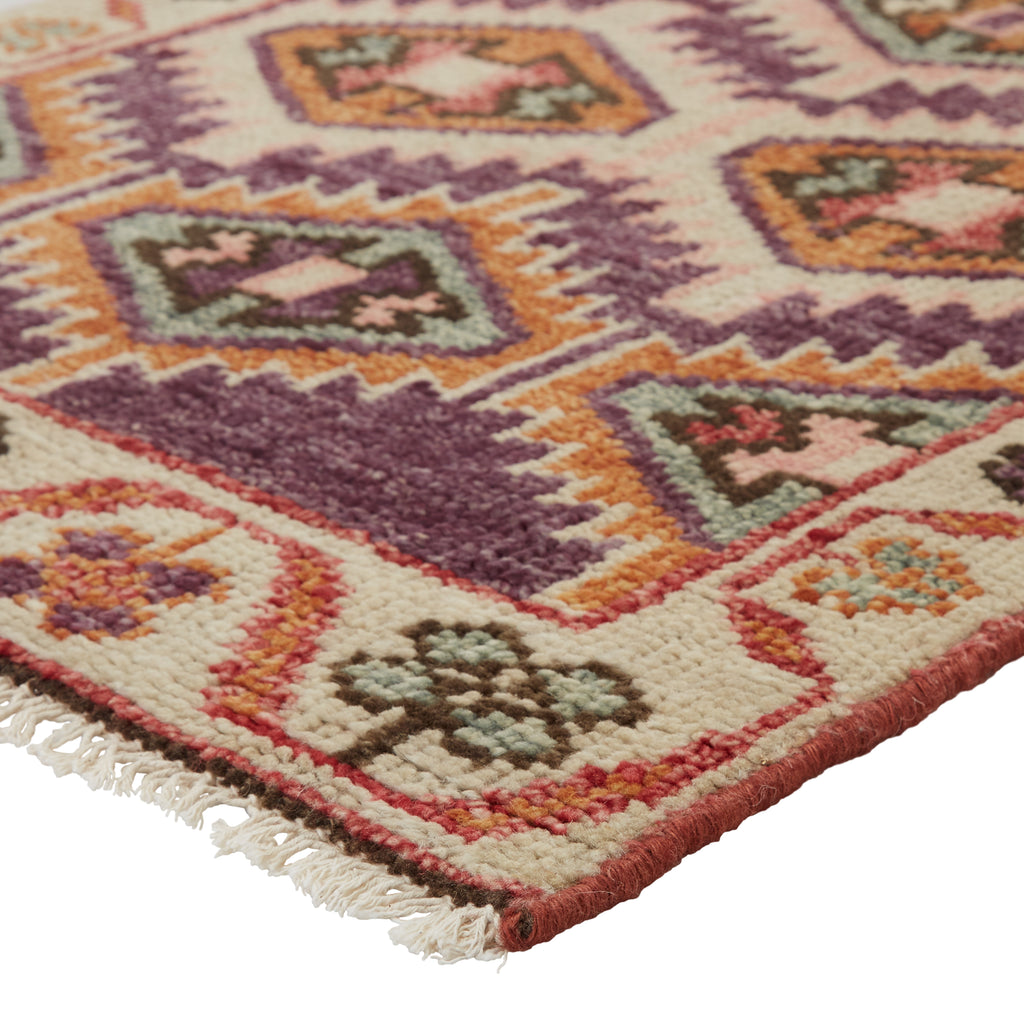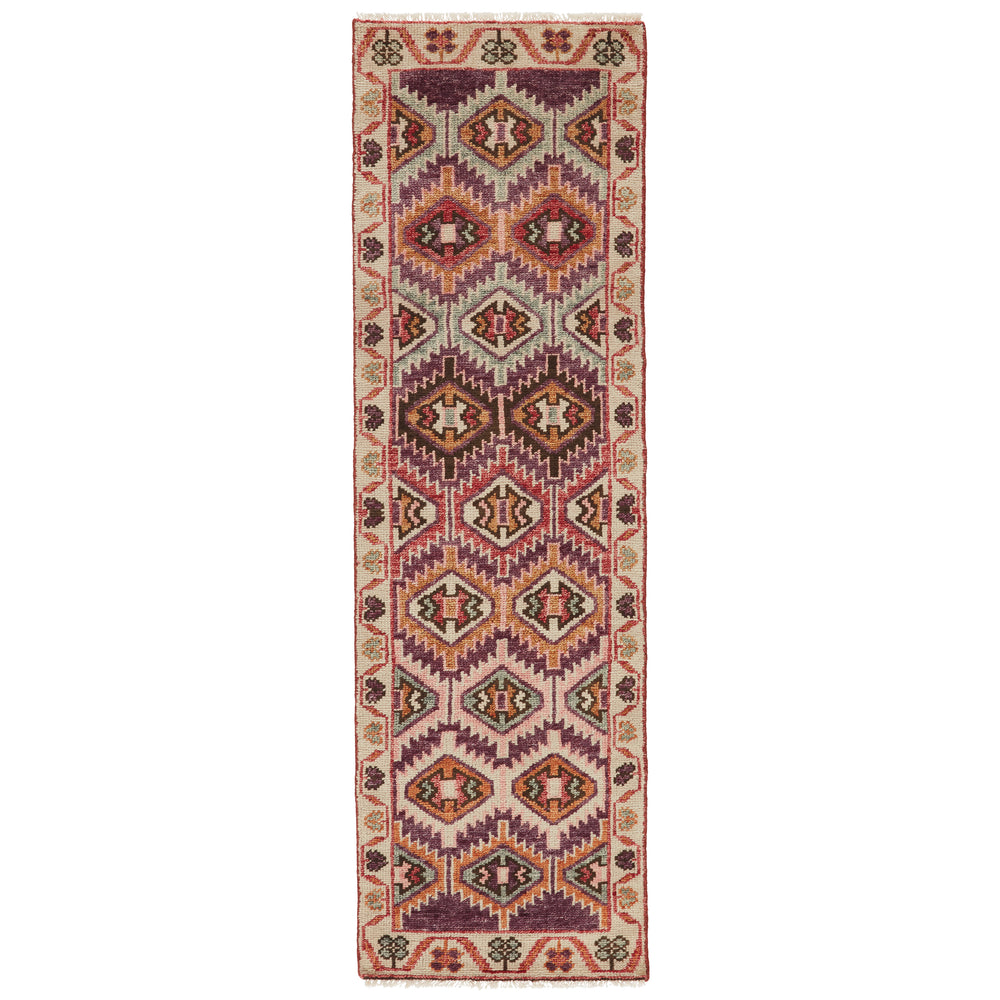 Inspired by traditional Turkish designs, the Coredora collection boasts vibrant hues and a stunning hand-knotted quality. The Nemi rug showcases a contemporary tribal motif in fresh, lively tones of pink, purple, aqua, cream, and yellow. Crafted of soft yet durable wool, this runner is comfortable underfoot and perfect for hallways or bedside spaces.Care Instructions
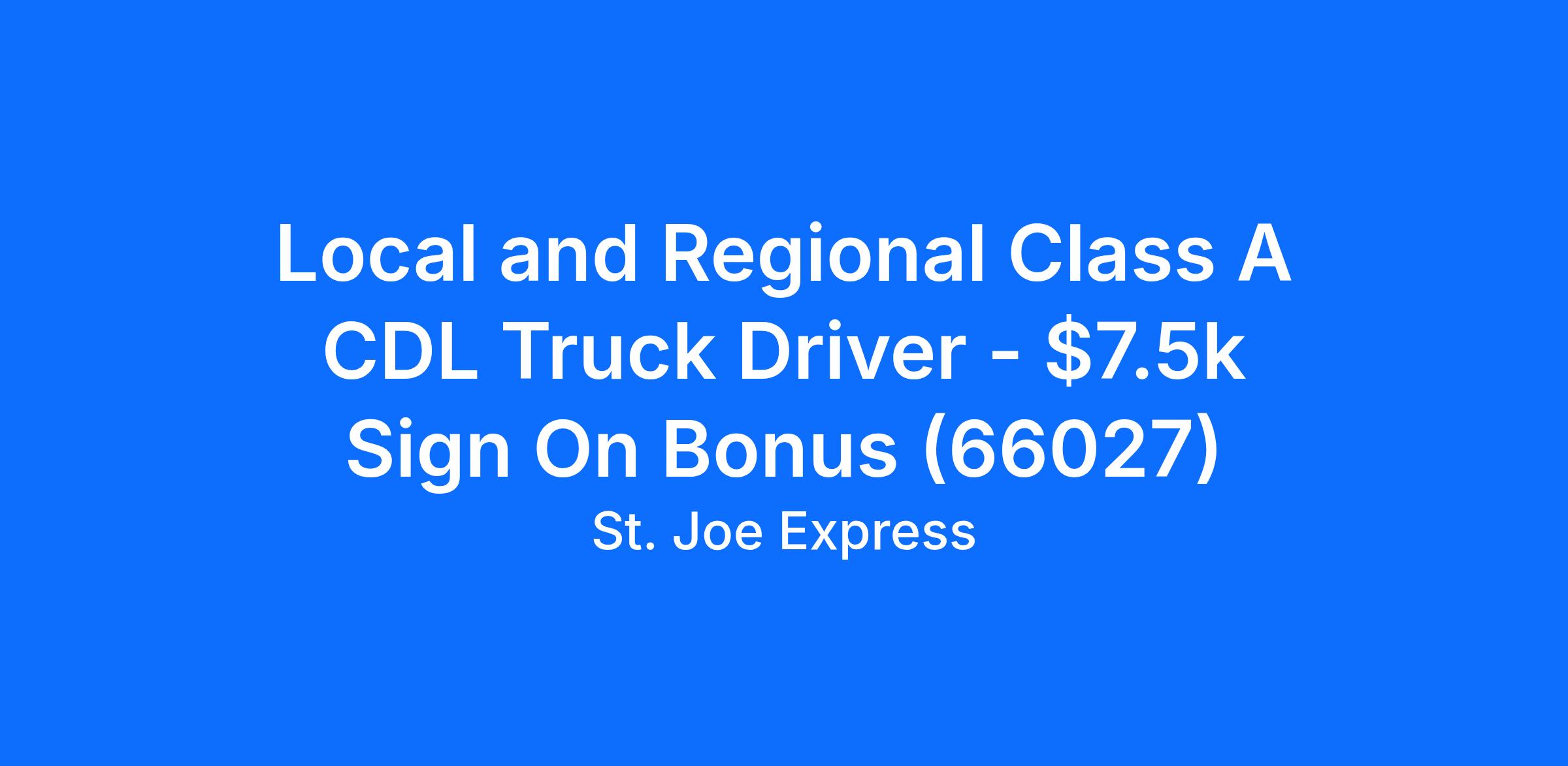 Local and Regional Class A CDL Truck Driver - $7.5k Sign On Bonus (66027)
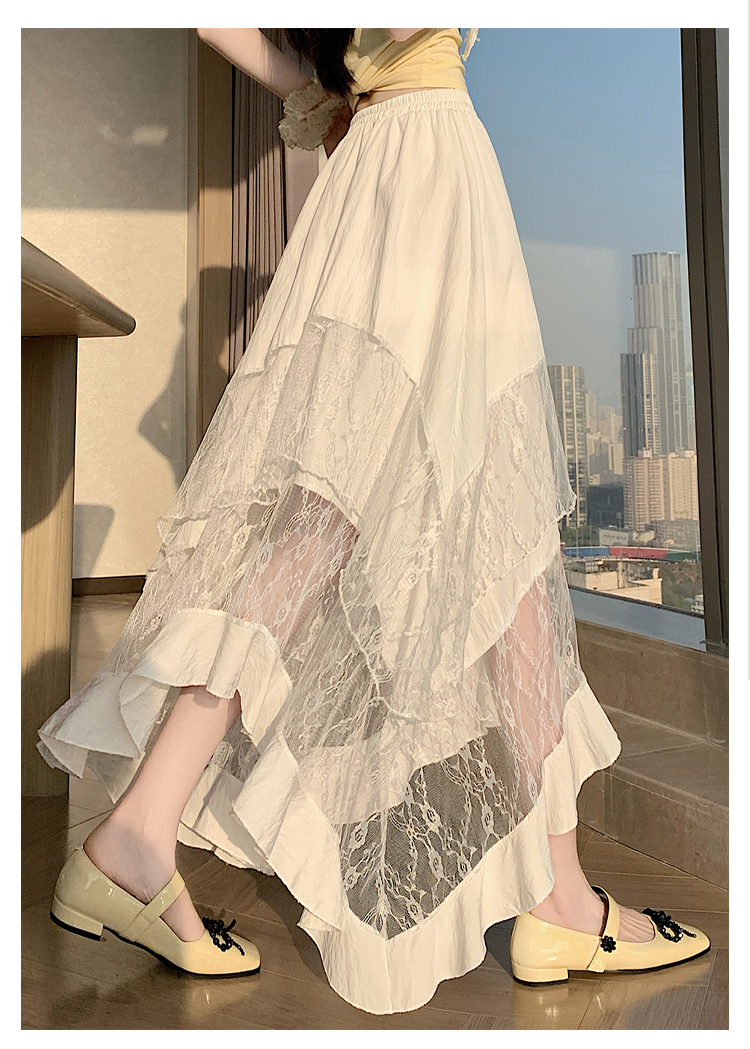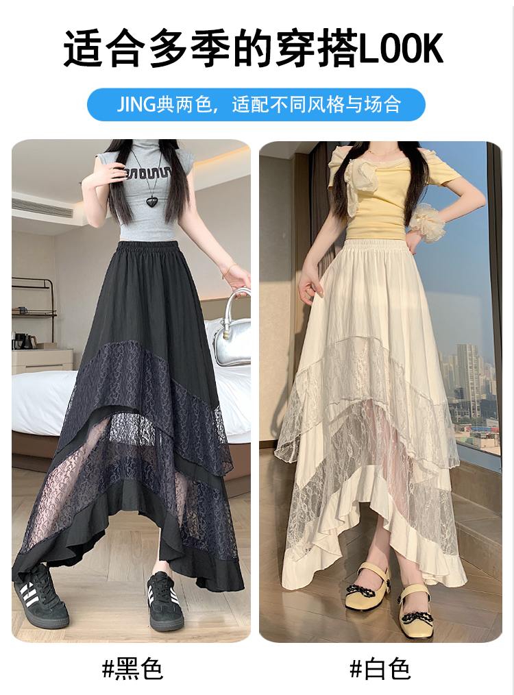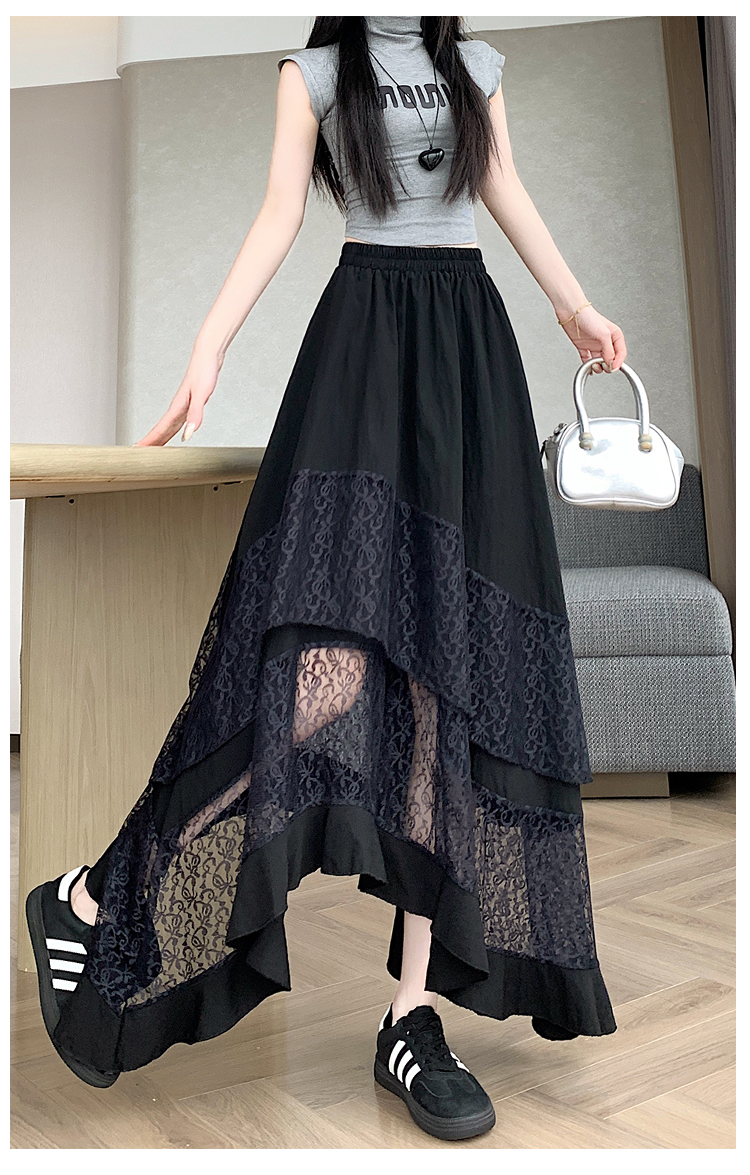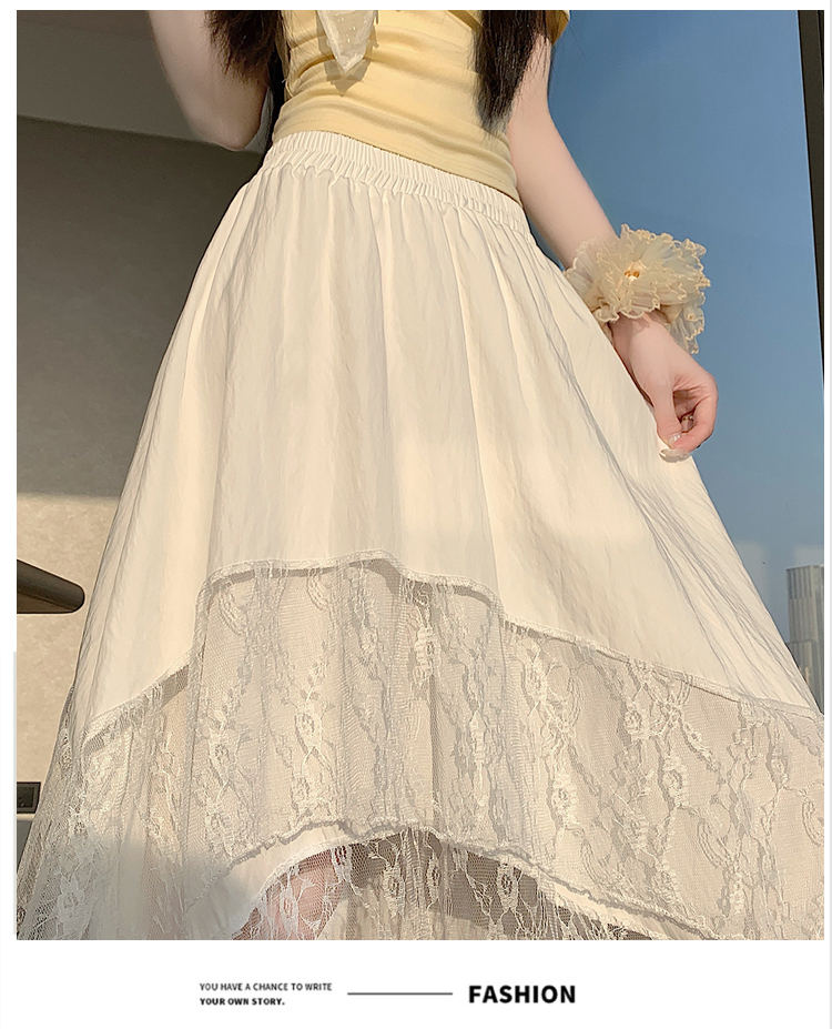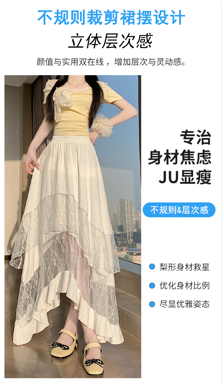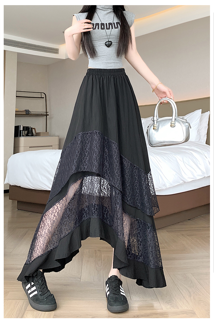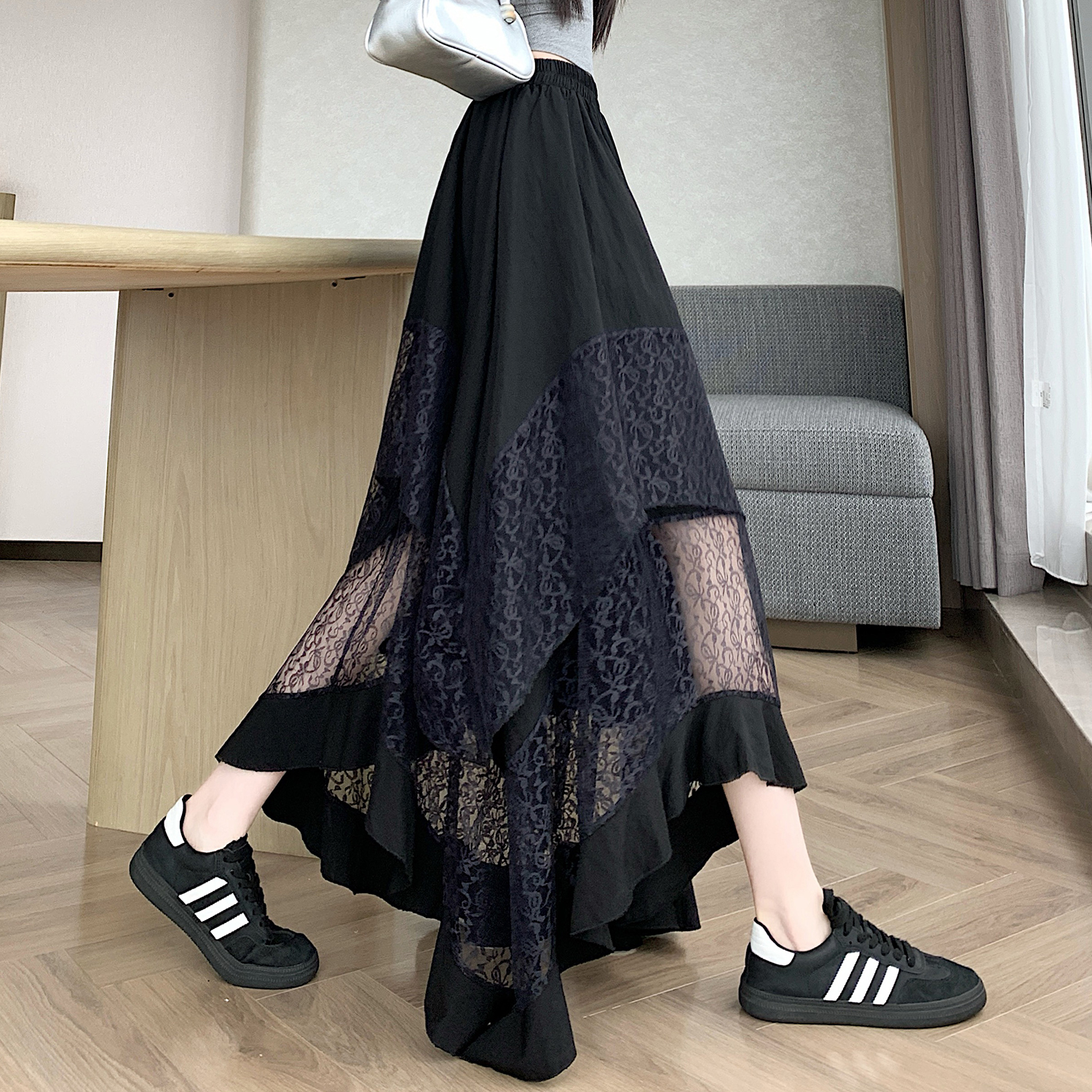실사 2026 여름 새로운 한국 스타일 하이웨이스트 부드러운 바람 망사 패치워크 레이스 중간 스커트 패션 다용도 A라인 스커트
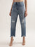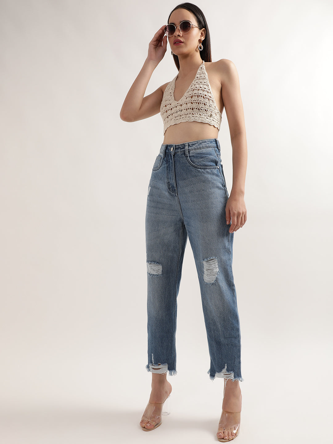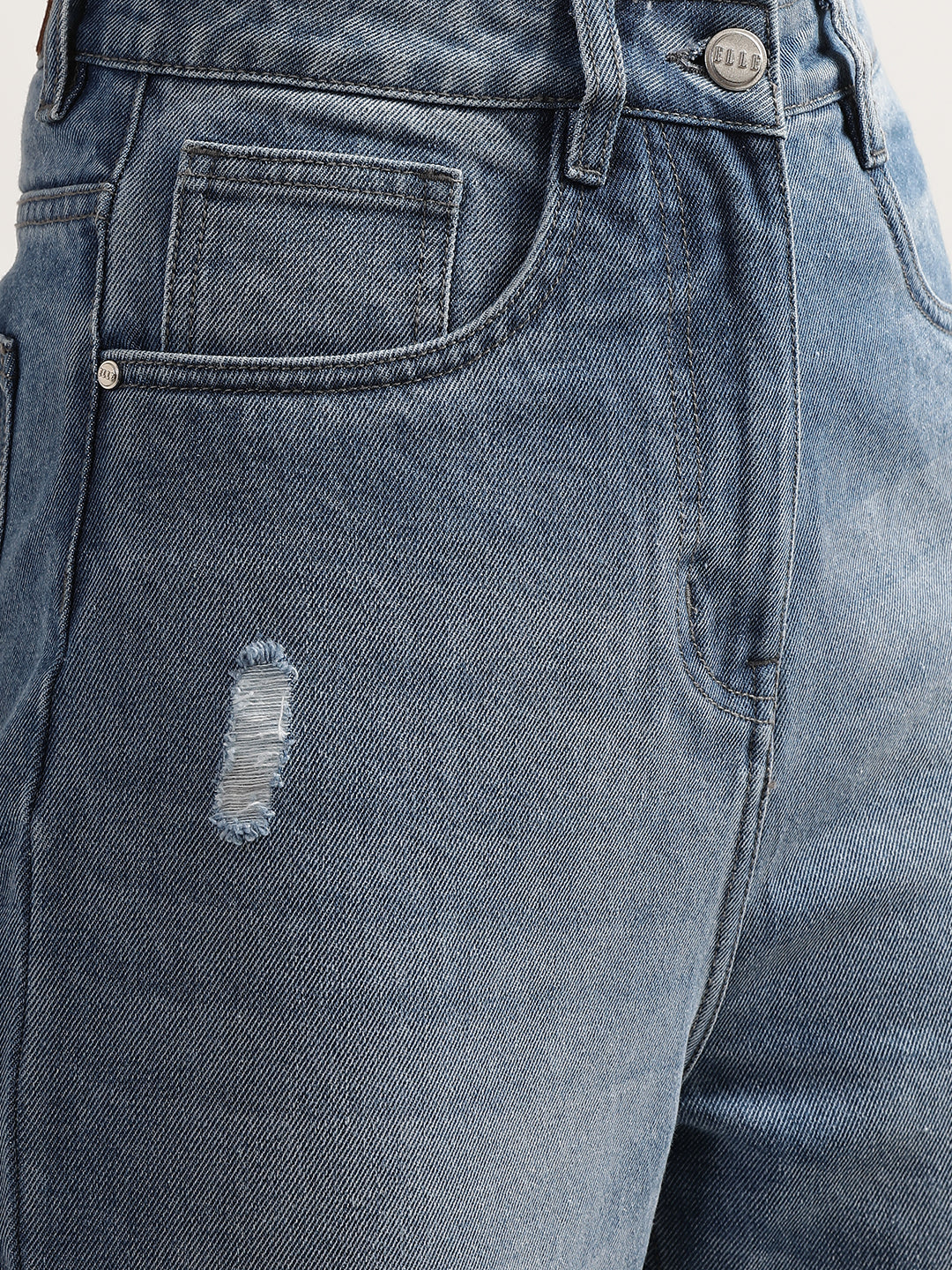 Introducing Elle Women's Mid Blue Solid Regular Fit Jeans, crafted from 100% cotton for a comfortable and iconic fit. These jeans feature a distressed detail at the hem and near the pocket, adding a stylish touch to your look. The classic button and zipper closure ensures a secure fit.

○ ○ ○ ○ ○

The task: An exact copy of the listing above, minus its pictures, is what is needed here.

Exercise response:
 Inspired by traditional Turkish designs, the Coredora collection boasts vibrant hues and a stunning hand-knotted quality. The Nemi rug showcases a contemporary tribal motif in fresh, lively tones of pink, purple, aqua, cream, and yellow. Crafted of soft yet durable wool, this runner is comfortable underfoot and perfect for hallways or bedside spaces.Care Instructions
 Local and Regional Class A CDL Truck Driver - $7.5k Sign On Bonus (66027)
실사 2026 여름 새로운 한국 스타일 하이웨이스트 부드러운 바람 망사 패치워크 레이스 중간 스커트 패션 다용도 A라인 스커트
 Introducing Elle Women's Mid Blue Solid Regular Fit Jeans, crafted from 100% cotton for a comfortable and iconic fit. These jeans feature a distressed detail at the hem and near the pocket, adding a stylish touch to your look. The classic button and zipper closure ensures a secure fit.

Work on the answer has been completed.